(DATASET CONTENT begins)

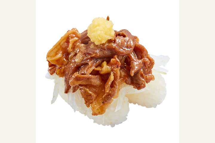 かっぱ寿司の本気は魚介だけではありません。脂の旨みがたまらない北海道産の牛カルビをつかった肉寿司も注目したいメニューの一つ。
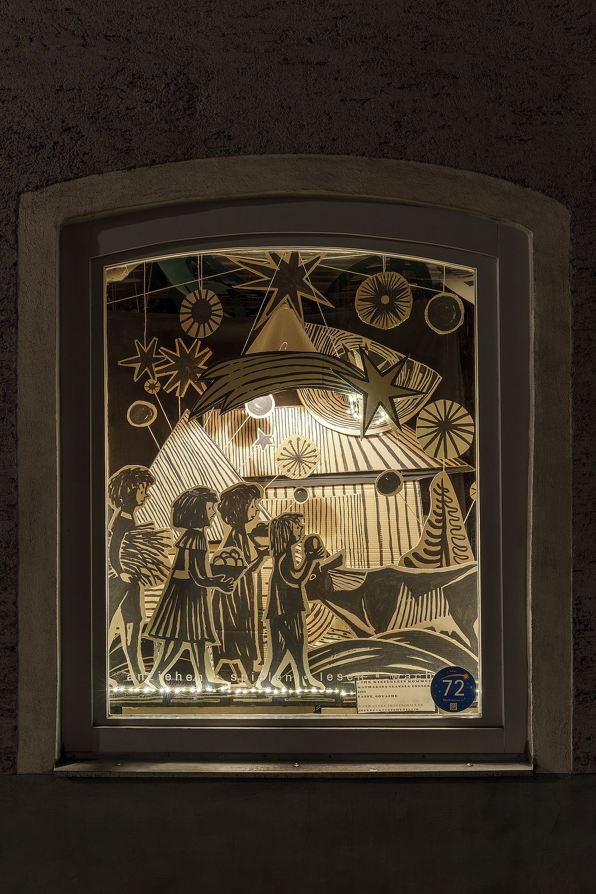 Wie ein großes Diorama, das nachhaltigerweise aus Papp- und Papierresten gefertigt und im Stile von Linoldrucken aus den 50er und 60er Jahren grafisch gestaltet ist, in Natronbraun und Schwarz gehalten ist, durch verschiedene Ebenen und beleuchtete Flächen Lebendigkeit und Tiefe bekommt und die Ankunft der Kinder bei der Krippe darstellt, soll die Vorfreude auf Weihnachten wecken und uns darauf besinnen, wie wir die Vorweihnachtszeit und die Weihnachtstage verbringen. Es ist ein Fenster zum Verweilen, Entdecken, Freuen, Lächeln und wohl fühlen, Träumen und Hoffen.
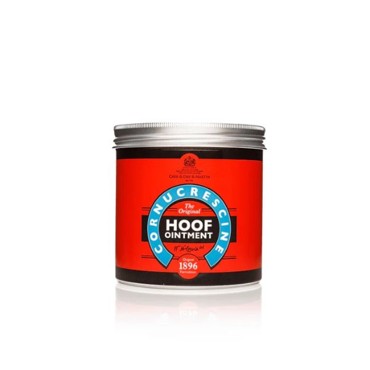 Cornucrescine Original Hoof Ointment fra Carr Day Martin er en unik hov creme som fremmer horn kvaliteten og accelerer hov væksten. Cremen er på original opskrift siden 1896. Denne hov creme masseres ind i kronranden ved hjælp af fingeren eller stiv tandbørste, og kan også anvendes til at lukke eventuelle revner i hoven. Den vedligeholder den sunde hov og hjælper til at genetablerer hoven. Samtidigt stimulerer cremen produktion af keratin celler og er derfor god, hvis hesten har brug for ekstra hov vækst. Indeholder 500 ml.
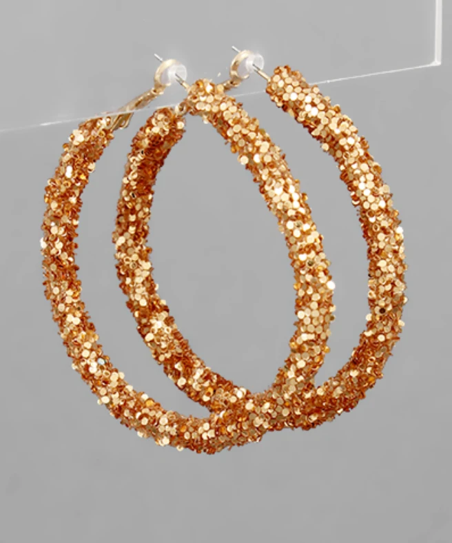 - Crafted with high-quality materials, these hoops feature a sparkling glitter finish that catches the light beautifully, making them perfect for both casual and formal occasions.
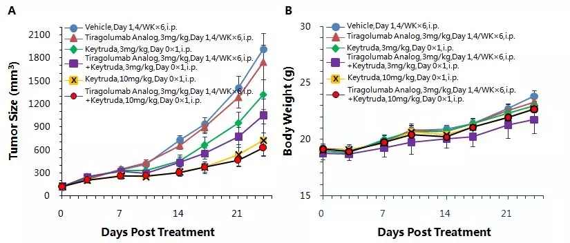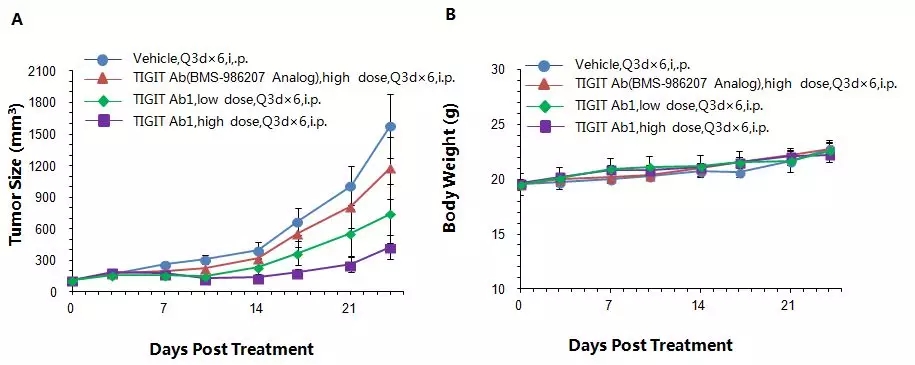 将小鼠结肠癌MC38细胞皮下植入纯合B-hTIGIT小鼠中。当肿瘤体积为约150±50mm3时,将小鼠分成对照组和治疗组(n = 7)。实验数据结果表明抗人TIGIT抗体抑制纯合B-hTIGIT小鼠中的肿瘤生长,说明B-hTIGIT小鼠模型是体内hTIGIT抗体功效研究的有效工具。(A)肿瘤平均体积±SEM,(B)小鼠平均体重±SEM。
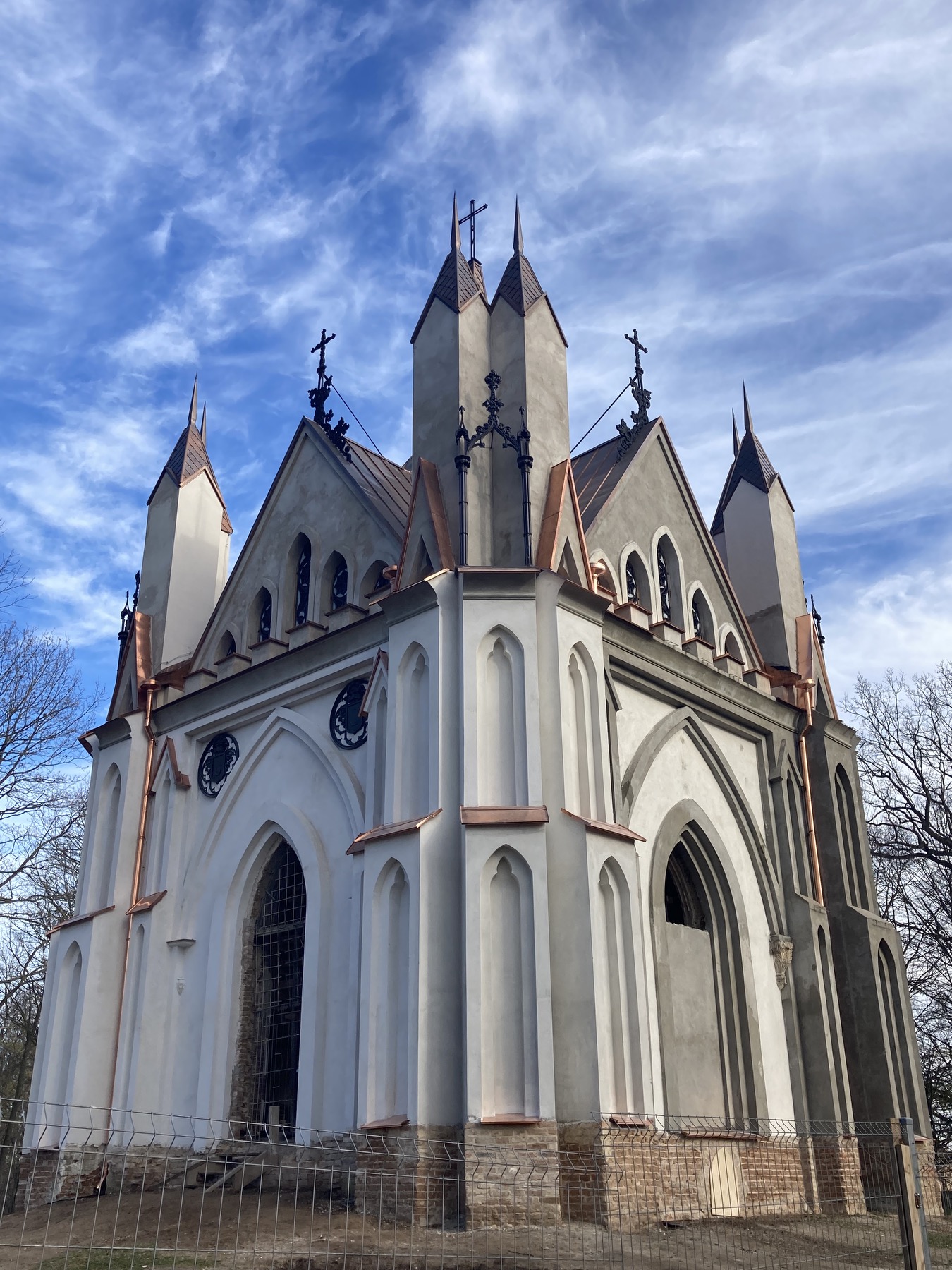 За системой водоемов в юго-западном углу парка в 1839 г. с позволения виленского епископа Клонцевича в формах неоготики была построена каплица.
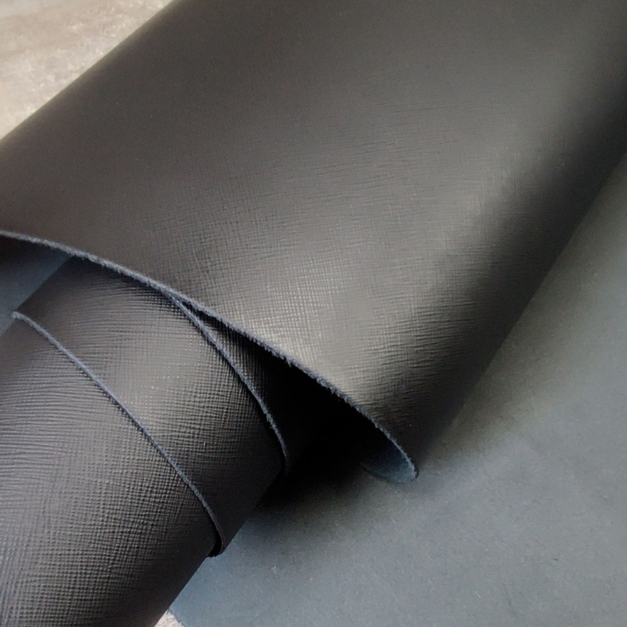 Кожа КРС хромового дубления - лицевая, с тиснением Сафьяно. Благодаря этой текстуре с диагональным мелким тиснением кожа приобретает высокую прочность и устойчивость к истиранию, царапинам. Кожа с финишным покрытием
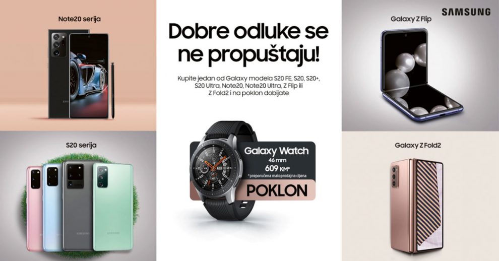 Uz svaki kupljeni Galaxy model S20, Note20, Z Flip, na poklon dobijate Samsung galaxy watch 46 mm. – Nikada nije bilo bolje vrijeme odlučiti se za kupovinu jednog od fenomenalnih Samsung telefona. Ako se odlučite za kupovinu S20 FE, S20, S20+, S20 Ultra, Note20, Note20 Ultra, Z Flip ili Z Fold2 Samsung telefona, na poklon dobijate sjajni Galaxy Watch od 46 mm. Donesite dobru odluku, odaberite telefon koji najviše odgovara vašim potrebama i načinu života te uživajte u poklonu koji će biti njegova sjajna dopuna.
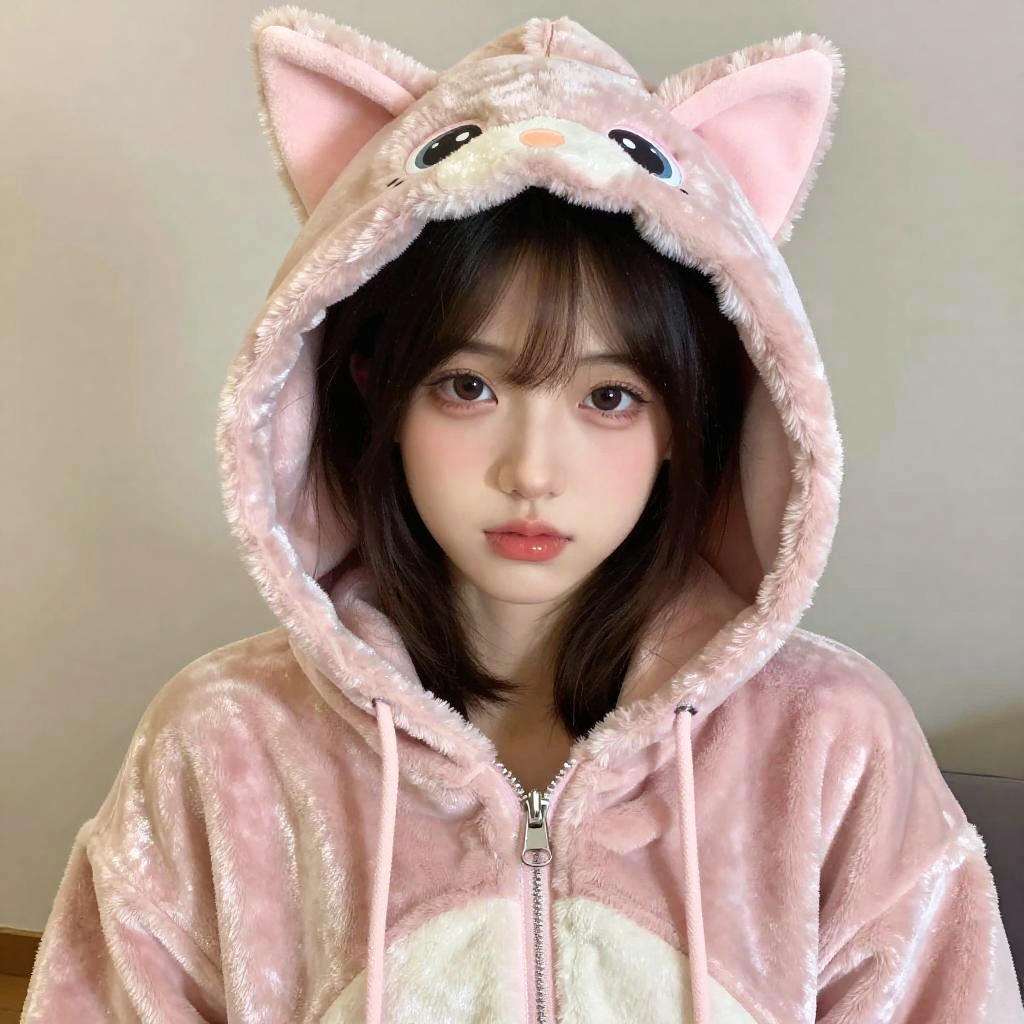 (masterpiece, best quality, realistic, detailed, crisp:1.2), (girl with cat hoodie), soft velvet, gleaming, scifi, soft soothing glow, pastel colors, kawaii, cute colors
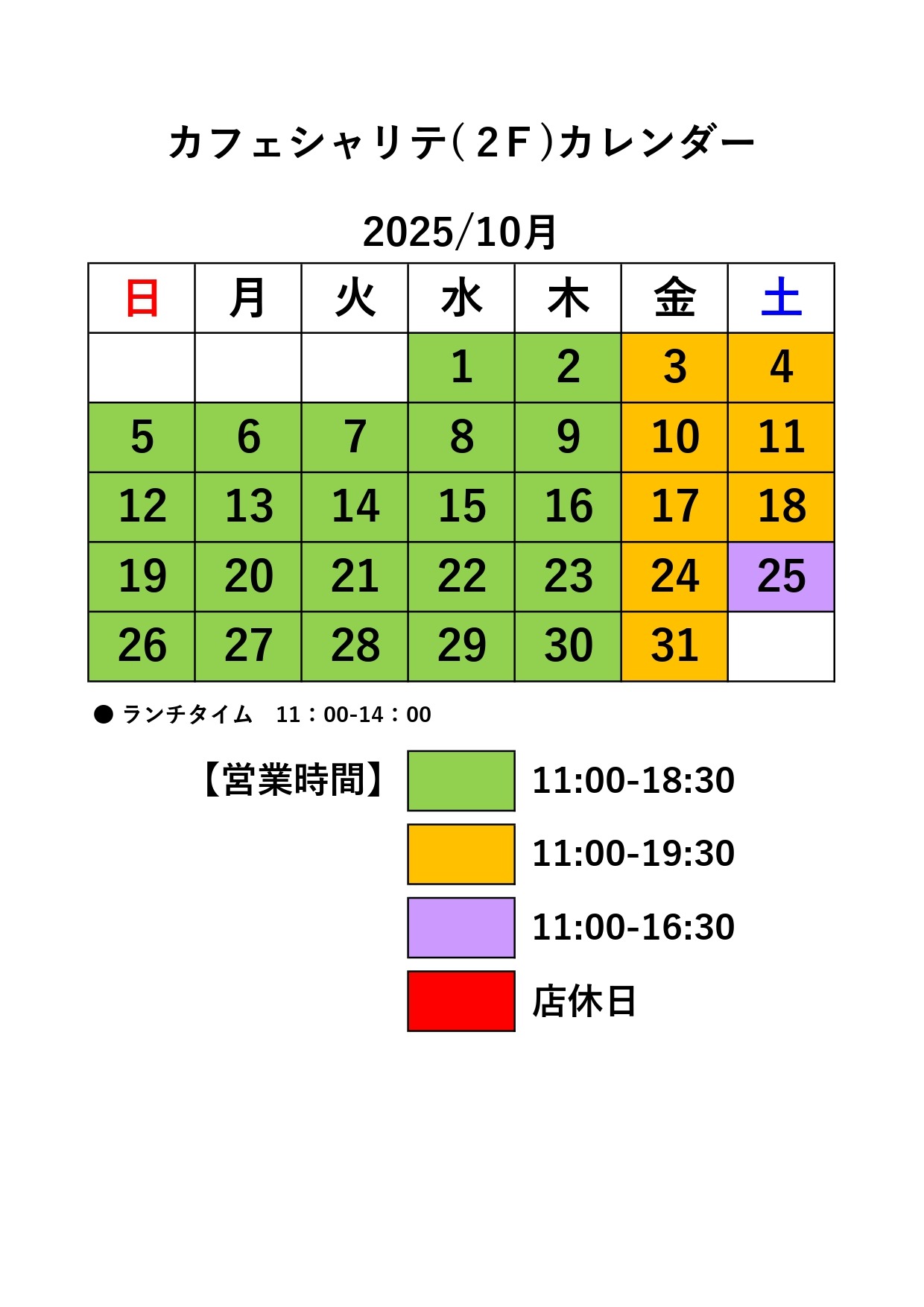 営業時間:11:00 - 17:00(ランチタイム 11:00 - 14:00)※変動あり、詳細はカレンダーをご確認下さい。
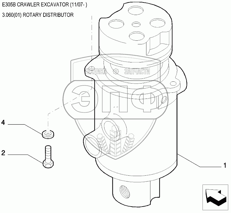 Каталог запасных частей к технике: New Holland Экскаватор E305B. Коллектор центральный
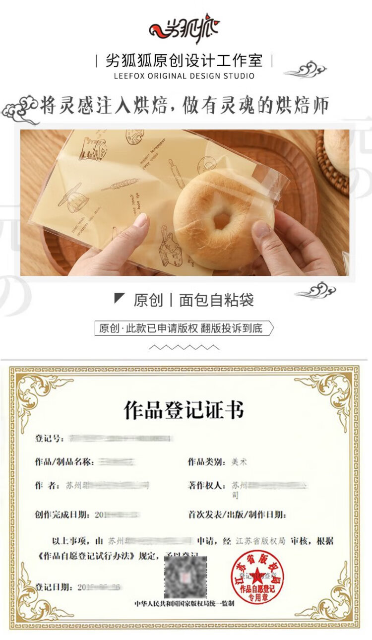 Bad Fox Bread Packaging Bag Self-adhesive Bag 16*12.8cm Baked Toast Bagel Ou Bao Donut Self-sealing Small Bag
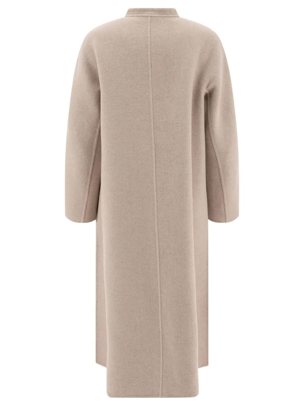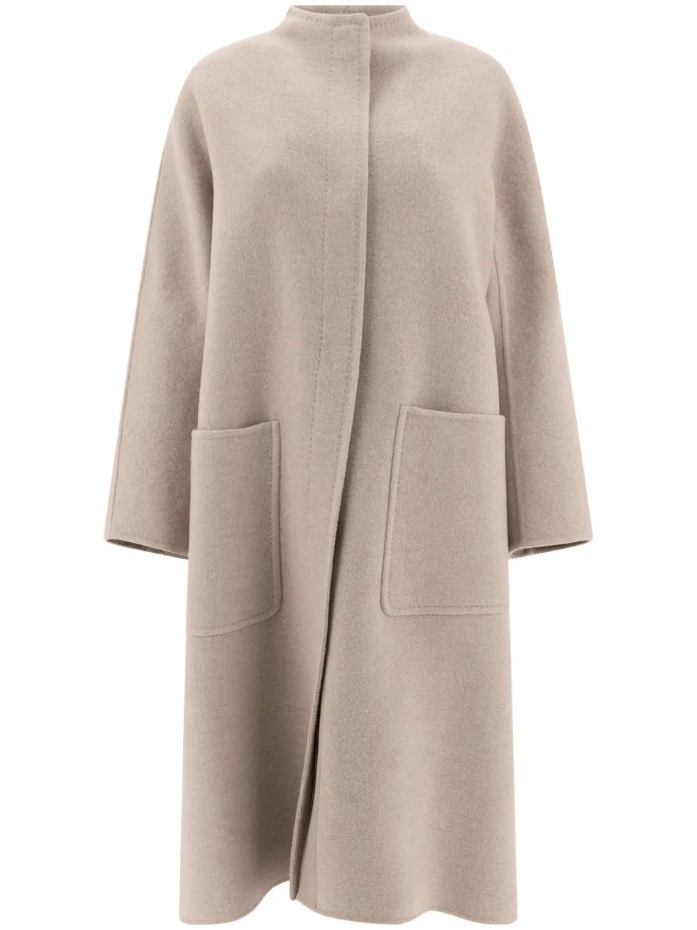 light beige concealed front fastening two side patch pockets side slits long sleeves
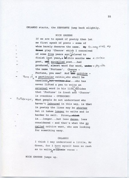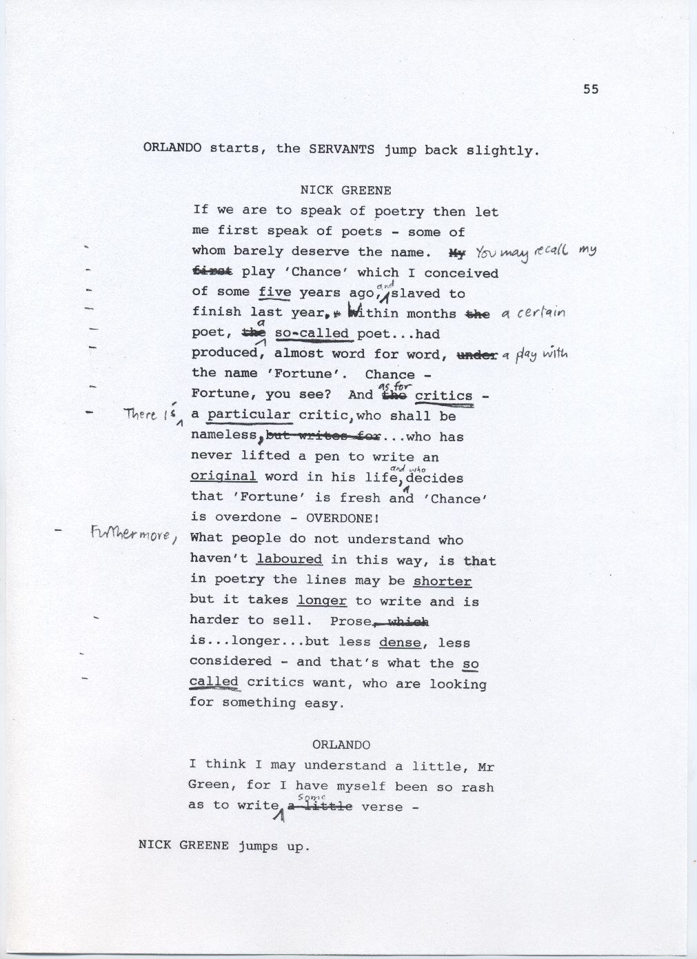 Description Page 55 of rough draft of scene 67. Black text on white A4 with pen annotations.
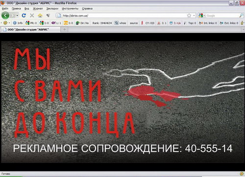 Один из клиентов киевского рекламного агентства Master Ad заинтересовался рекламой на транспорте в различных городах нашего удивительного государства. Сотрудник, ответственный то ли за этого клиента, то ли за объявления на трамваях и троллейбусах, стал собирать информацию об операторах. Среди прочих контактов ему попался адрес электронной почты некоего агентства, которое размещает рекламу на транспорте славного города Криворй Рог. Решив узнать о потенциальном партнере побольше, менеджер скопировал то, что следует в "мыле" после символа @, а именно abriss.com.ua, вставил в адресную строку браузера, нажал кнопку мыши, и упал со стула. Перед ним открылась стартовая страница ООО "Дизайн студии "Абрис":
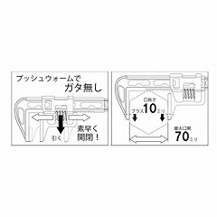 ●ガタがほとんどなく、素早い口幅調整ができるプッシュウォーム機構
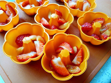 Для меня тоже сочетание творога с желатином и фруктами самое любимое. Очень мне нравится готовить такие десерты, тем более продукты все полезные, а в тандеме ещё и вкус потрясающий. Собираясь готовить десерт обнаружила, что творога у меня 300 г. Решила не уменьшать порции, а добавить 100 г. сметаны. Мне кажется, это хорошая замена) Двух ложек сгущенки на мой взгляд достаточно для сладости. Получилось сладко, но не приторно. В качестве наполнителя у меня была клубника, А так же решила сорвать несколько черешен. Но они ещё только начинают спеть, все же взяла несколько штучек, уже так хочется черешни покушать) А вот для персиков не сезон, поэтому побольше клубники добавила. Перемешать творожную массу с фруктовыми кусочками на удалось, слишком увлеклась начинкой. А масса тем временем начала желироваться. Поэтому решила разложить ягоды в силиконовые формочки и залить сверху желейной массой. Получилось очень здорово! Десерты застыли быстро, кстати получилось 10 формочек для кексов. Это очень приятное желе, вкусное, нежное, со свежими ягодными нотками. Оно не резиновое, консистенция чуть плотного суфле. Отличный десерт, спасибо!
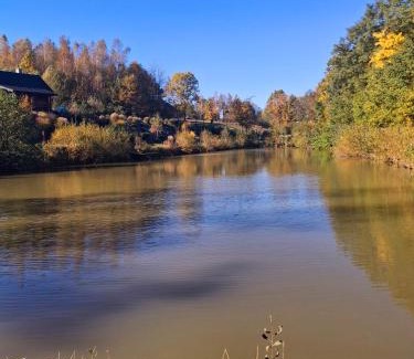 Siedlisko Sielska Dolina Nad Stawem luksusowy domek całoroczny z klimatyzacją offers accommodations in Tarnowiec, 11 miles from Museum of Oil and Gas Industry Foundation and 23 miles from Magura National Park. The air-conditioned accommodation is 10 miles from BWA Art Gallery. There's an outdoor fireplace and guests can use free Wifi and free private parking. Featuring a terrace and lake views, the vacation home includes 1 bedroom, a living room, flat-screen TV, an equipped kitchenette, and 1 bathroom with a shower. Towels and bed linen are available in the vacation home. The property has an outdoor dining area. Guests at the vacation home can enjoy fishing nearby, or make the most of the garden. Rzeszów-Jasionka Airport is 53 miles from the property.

(DATASET CONTENT ends)

**TASK TO CARRY OUT:** When you reach the line holding "Wie ein großes" in the listing above, begin retyping exactly, and stop once the line holding "- Crafted with" is done; pictures stay out.

**FINISHED TASK:**
 Wie ein großes Diorama, das nachhaltigerweise aus Papp- und Papierresten gefertigt und im Stile von Linoldrucken aus den 50er und 60er Jahren grafisch gestaltet ist, in Natronbraun und Schwarz gehalten ist, durch verschiedene Ebenen und beleuchtete Flächen Lebendigkeit und Tiefe bekommt und die Ankunft der Kinder bei der Krippe darstellt, soll die Vorfreude auf Weihnachten wecken und uns darauf besinnen, wie wir die Vorweihnachtszeit und die Weihnachtstage verbringen. Es ist ein Fenster zum Verweilen, Entdecken, Freuen, Lächeln und wohl fühlen, Träumen und Hoffen.
 Cornucrescine Original Hoof Ointment fra Carr Day Martin er en unik hov creme som fremmer horn kvaliteten og accelerer hov væksten. Cremen er på original opskrift siden 1896. Denne hov creme masseres ind i kronranden ved hjælp af fingeren eller stiv tandbørste, og kan også anvendes til at lukke eventuelle revner i hoven. Den vedligeholder den sunde hov og hjælper til at genetablerer hoven. Samtidigt stimulerer cremen produktion af keratin celler og er derfor god, hvis hesten har brug for ekstra hov vækst. Indeholder 500 ml.
 - Crafted with high-quality materials, these hoops feature a sparkling glitter finish that catches the light beautifully, making them perfect for both casual and formal occasions.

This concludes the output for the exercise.